Amours & Machaut’s Voir Dit: failed medieval gender revolution

Marginalized medieval French literature depicts strong, independent women who initiated amorous relationships with men. These weren’t unattractive, self-centered women merely seeking someone, anyone who would talk with them and spend time with them. The French lay Loves {Amours}, written roughly about the year 1200, and Guillaume de Machaut’s True Poem {Voir Dit}, probably written about 1365, both depict beautiful, generous women who joyously desired and deeply appreciated men’s sexuality and men’s gender-distinctive human being. But their beloved men focused on arranging letters rather than providing masculine fleshly presence. Amours and Voir Dit represent men’s failure to support a gender revolution affirming the value of men’s persons.

In the French lay Amours, an “eminent man {haut home}” met at a conference an “eminent, very noble woman {haute dame molt noble}.” Conferences in relatively liberal and tolerant medieval Europe didn’t impose highly repressive codes of conduct. The male gaze wasn’t pathologized and criminalized, and neither was the female gaze:

As soon as they saw each other,
they set their hearts and bodies and eyes
to gazing, and thus they stared at each other.
But in the looks they bestowed on each other
love struck, and the fire of love
was kindled, which burns and ignites
hearts and bodies, and it captivated them.
And love, which has seized many persons,
pursued them, stuck them, and harried them.
Each looked at the other and became bound to the other.

{ Aussi tost comme il s’entrevirent
Les cuers, les cors, o les elz mirent
Por esgarder, si s’entresgardent;
Mes en l’esgart qu’il se regardent
S’i fiert Amors, et li feus prent
D’amors qui alume et esprent
Lor cuers, lor cors, et a sorpris.
Et amors, qui mains en a pris
Les chace et fiert et les destraint.
Chascuns se regarde et estraint }[1]

The woman recognized women’s privilege in requiring men to solicit amorous relationships:

She thought and said: “O God! What would I say?
I would be going against all other women.
I shall not speak to him; I must remain silent.”

{ Pense et dit: “Dex!
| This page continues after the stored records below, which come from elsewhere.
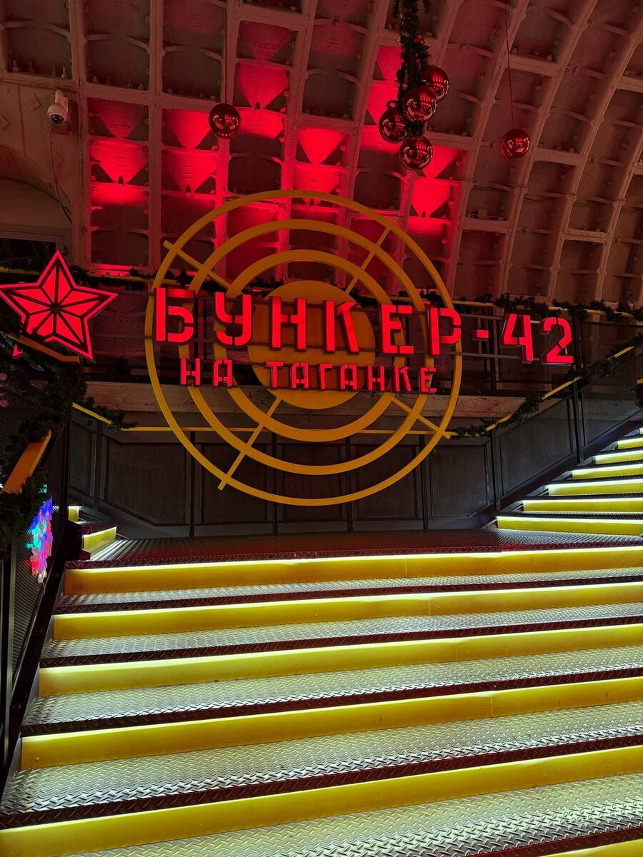" Как я уже говорила, это самый глубокий ресторан в России и Европе, - 65 метров под землей. Есть несколько залов: 🔘Банкетный зал (их несколько) 🔘Курительная комната с баром и телевизором) 🔘Детский зал 🔘»Красный» зал, это общий зал для всех посетителей, где мы и были. Здесь царит советская атмосфера: Несколько телевизоров на которых траслируются советские фильмы, играет соответствующая музыка, сервировка, подача блюд. 🎶Есть сцена, по выходным здесь живая музыка. 🔜МЕНЮ Мы прошлись по-классике: Оливье, Цезарь, Котлета по-киевски, Горшочек и чай) Сюда можно прийти и без экскурсии, немного захватите коридор бункера пока будете идти и конечно, стук и звук метро на протяжении всего вечера😃 ⏰Пн - Пт: с 13.00 до 23.00 Сб - Вс: с 12.00 до 23.00 📍Бункер -42 5-й Котельнический переулок, д.11 #идеи_23февраля_кд 😍 Красота в деталях
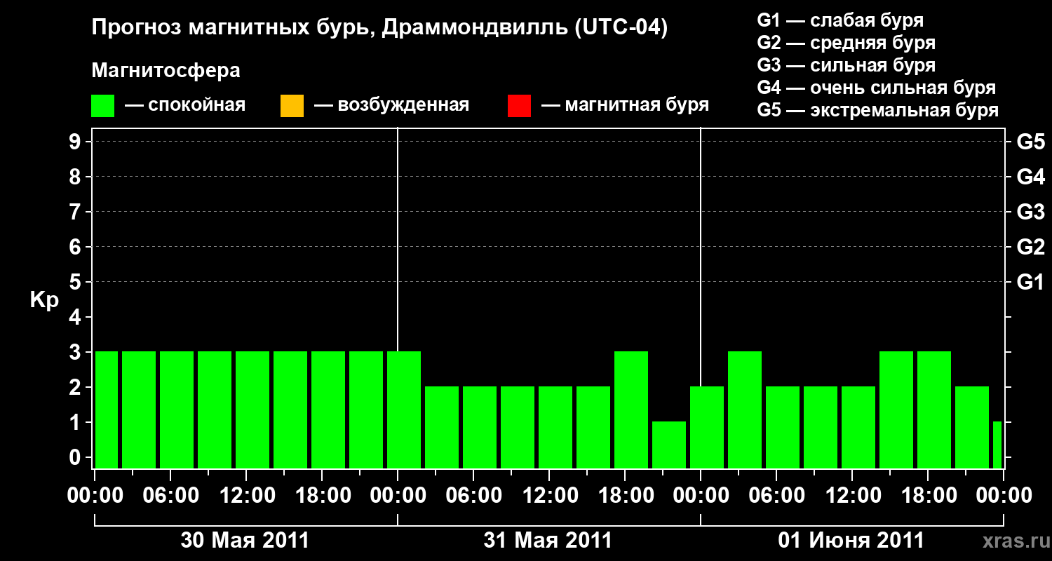Прогноз магнитных бурь в Драммондвилле на 30 мая 2011 года
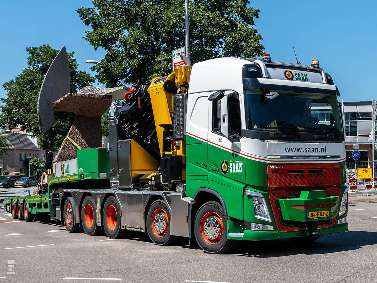 Koninklijke Saan heeft een Volvo FH 500 10x4-bakwagen/trekker voorzien van een 165 tonmeter Palfinger-autolaadkraan aan de vloot toegevoegd. Bij de configuratie is maatwerk geleverd door de optimale verhouding te zoeken tussen de hijscapaciteit van de autolaadkraan, de gewenste lengte van zowel de kraan als het chassis en het GVW. De levering kwam tot stand in samenwerking met Volvo Group Truck Center Amsterdam en Volvo Trucks Nederland.
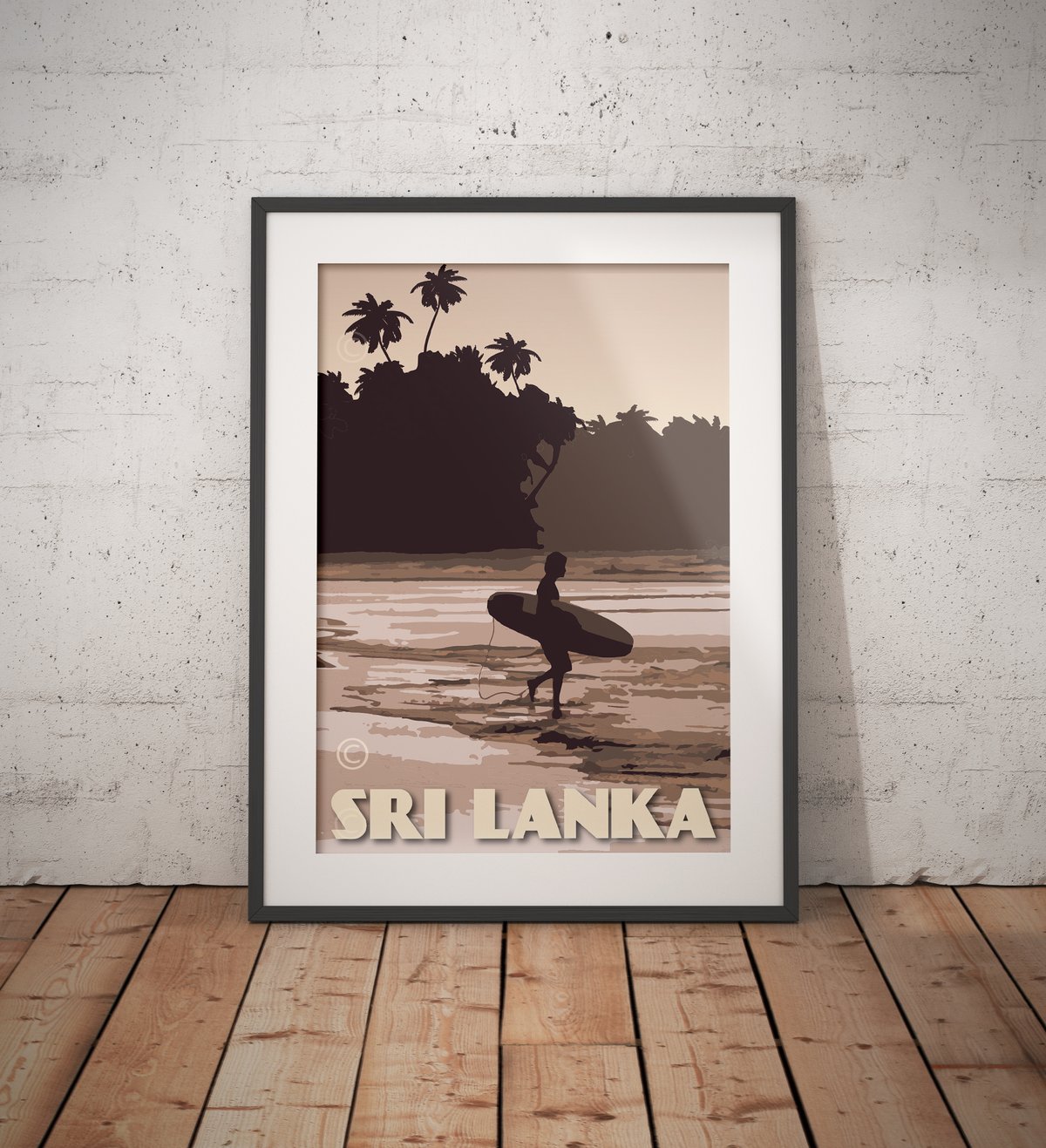 29/01/21 Vintage Poster Sri Lanka - Surfer on the Beach

Que diroie?
Contre toutes dames feroie.
Nu dirai pas ; tere m’estuet.” }

But the woman ultimately rebelled against that gynocentric imperative. Not knowing whether her amorous advance would be welcomed or unwelcomed, she went up to the man and said:

My lord, be fully aware, without any doubt
that in this land I should like to have
your love and your friendship,
if it pleases you, and be truly aware
that I am yours — do not doubt it.

{ Sire, sachiez bien sanz doutance
Vostre amor et vostre acointance
En cest païs voudroie avoir,
S’il vos plet, et sachiez de voir
Que vostre sui, n’en doutez point. }

The man didn’t report to conference organizers that a creepy woman was weirdly harassing him. However, there was some misunderstanding between the two:

He thanked her tenderly for her words,
then replied: “My lady, without hesitation
my friendship and my love
I grant you, for I would do
for you whatever I could.”
She replied immediately:
“What I am thinking, you are not thinking the same?
Understand the situation is this —  I am telling you
that I love you passionately with my whole body.”
“Passionately?” he said. “Yes, indeed,” she said.

{ Del dit doucement la mercie,
Puis respont: “Dame,sanz demor
De moi l’acointance et l’amor
Vos otroi ge, car je feroie
Por vos qanque fere porroie.”
Ele respont isnel le pas:
“Ce que pens, n’i pensez vos pas?
Einz est einsint, que tot a cors
Vos di que je vos aing d’amors.”
“D’amors?” fet il. “Voire,” fet ele, }

Modern applied theorists of amorous relationships would classify the women’s words as an “apocalypse opener.”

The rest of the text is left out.